Wade Shepard documents some of the country’s deserted new cities in his book Ghost Cities of China: The Story of Cities without People in the World’s Most Populated Country. Recently, he took a Russian TV crew to see one outside Shanghai.
“We’re walking around and — oh, no, all of a sudden, I see cars,” Shepard recalls. “There are people!”
“Within the 10 months since the last time I’d been there, people had been flooding into this area,” Shepard says. “It just shows how quickly these things can change.”
One project that’s unlikely to change anytime soon is Luliang’s new “Liquor City.” It’s a gigantic complex of ancient-style Chinese pavilions covering an area the size of several pro football stadiums, surrounded by an unfinished, life-size replica of the Great Wall.
Inside, factories were supposed to pump out tons of high-priced white liquor — calledbaijiu in Mandarin — for which the region is famous. Baijiu is made from grain and high-end brands have been a staple at official banquets. As recently as 2012, baijiu sales were a staggering $92 billion.
Today, though, Liquor City looks like an abandoned movie set.
The project was to be funded largely by coal revenues, which collapsed with the drop in global prices. In addition, planners failed to anticipate the Communist Party’s anti-corruption drive, the biggest in modern Chinese history. China’s leader, Xi Jinping, launched the campaign nearly three years ago, cracking down on lavish spending for which officials have been notorious.

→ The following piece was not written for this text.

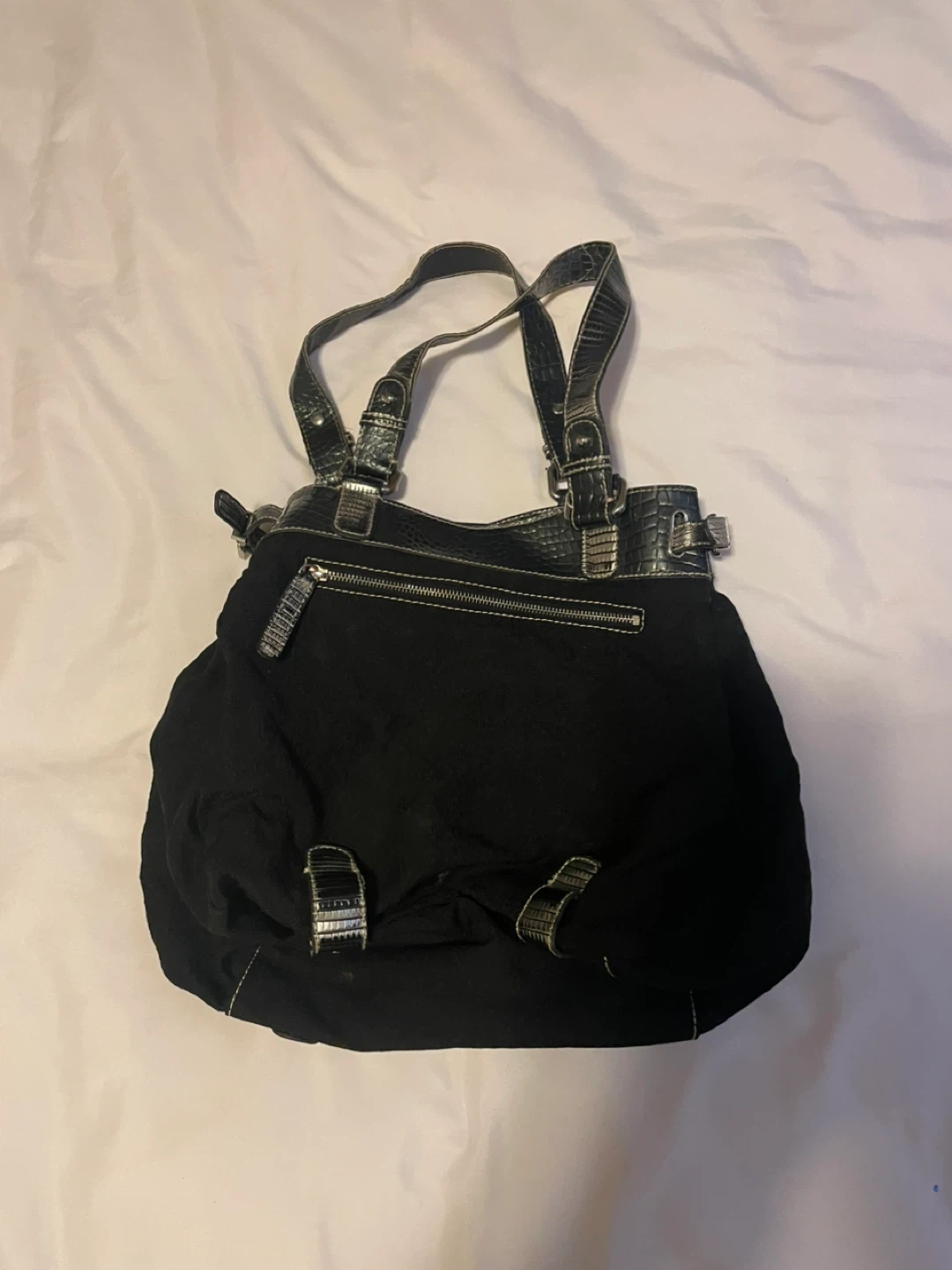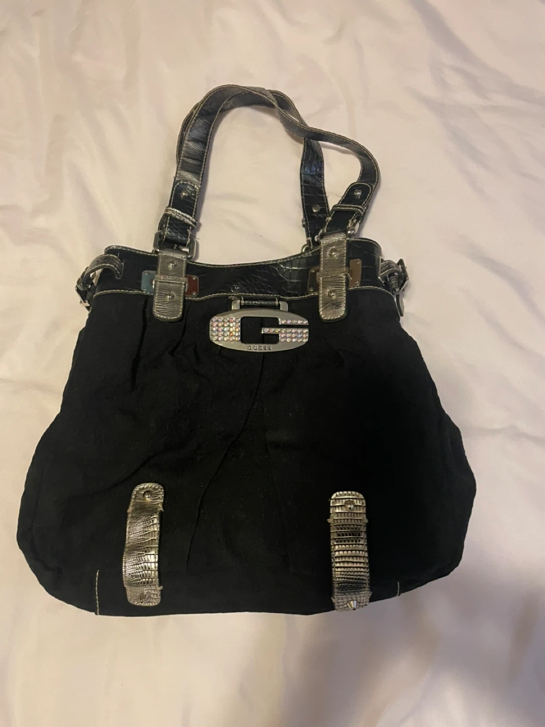 This black GUESS shoulder bag features a textured fabric body and faux croc accents. It has a zip-top closure and an embellished "G" logo on the front. It's a stylish accessory for everyday use.

“Now things are bad,” says Lu Cuie, who runs one of the scores of white liquor stores in town. “High-end liquors don’t sell at all. Officials don’t buy. No one buys.”
Before the crackdown, Lu could sell more than $14,000 worth of alcohol for a single event — big money in this poor part of central China.
“On average, when an official held a wedding banquet or birthday party, the banquets used to last three to four days,” says Lu, who wears a shirt with the face of Audrey Hepburn emblazoned on the front. “Now, it’s simply impossible. It only lasts one day and the scale is much smaller.”
Fenjiu, the state-owned company that’s building Liquor City, refused to discuss the project. Lu and other local shop owners say the company is struggling and relies on bank loans to pay employees.
When I ran into some managers outside Liquor City’s unfinished gates, I asked when it planned to open. They shook their heads wearily and laughed.